Returning from the massive pro-choice rally in Washington, D.C. last Sunday, State Rep. Marjorie A. Clapprood (D-Sharon), a likely candidate for lieutenant governor, complained about what she thought was an inappropriate choice of words on the part of an airport shuttle driver. "Did he call me `darling? "Clapprood asked friends. They told her she had misunderstood. The driver's quite appropriate warning had been, "Don't lean on the door!"
We will raise "a political army. If [politicians] don't get the message, we will replace them with pro-choice."
--National Organization for Women President Molly Yard, during last Sunday's march on Washington.
From the Washington Bureau--A reporter at last Sunday's March on Washington for abortion rights, suffering from a bleeding ankle and too little sleep, was milling around the Harvard Radcliffe delegation when an unidentified woman came up to her and said, "Your foot is bleeding--you need some socks. Take these." The reporter did as instructed, but when she turned around to thank the sock-giver, the mysterious benefactor had disappeared.
"We had a choice, we made a choice, People voted in favor of happiness and against war."
--Outgoing Kennedy School Dean Graham T. Allison '62, on the presidential election last November that saw President Bush defeat former K-School lecturer Michael S. Dukakis.
Bureaucracy Watch: There are two teams of Harvard researchers racing to help confirm the results of a University of Utah fusion report that could revolutionize science and, possibly, American society. One of the Harvard scientists, whose experiment will likely be finished on Monday or Tuesday, said that he might have been able to run his experiment yesterday had it not been for a faculty meeting he was required to attend.
Left-wing/Right-wing: While members of the NCAA championship Harvard hockey team waited for a congratulatory photo opportunity with Gov. Michael S. Dukakis Tuesday, legislators and hockey players milled about the governor's cramped office trying to make conversation. State Representaive Robert A. Havern '72 (D-Arlinton), a former Crimson center who played under Coach Bill Cleary, said, "I can't wait to see the governor shake hands with Billy--you know his politics, 20 steps to the right of Attila the Hun." During the 10-minute meeting, there was no discussion of politics, and the session went without incident.
"The prospect of new leadership offers a timely chance to reflect on what we have accomplished and what must still be done to build a first-rate professional school for government service."
--President Derek C. Bok, writing on the Kennedy School in his annual report released this week.

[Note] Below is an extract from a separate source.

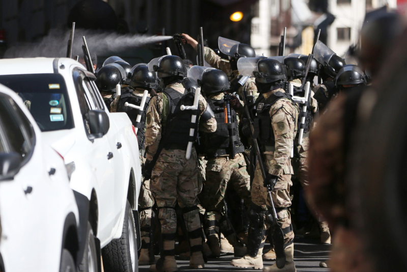 Pod komandom generala Huana Hosea Zunige, teško naoružani vojnici i oklopna vozila okupili su se u sredu u La Pazu na gradskom trgu Plaza Muriljo i ušli u teritoriju predsedničke palate.

Icebreakers: During a brief ceremony in the House chambers congratulating the Harvard hockey team this week, House Speaker George Keverian '53 (D-Everett)--one of the few Harvard educated lawmakers who did not attend a noontime luncheon for the team--made clear his feelings toward the game Keverian, who is noted as much for his enormous weight as his dry wit, said, "Hockey is a sport I never understood when I was young. We never had rinks. We just had ponds--and for some reason the other kids never let me on them."
"All studies show that when you link sex and violence, you can never pull them apart."
--Anti-pornography activist Gail Dines-Levi during a presentation for Take Back the Night week.
Lottery Footnote: Activist M. Scott Murphy '92, who spearheaded the successful effort to prevent 25 percent of the spaces in eight of 12 upperclass houses from being randomly assigned to freshmen, will be living in his second choice house next year--Lowell House. Lowell was one of four houses which had refused to participate in the new housing plan. So much for the effort, Scott.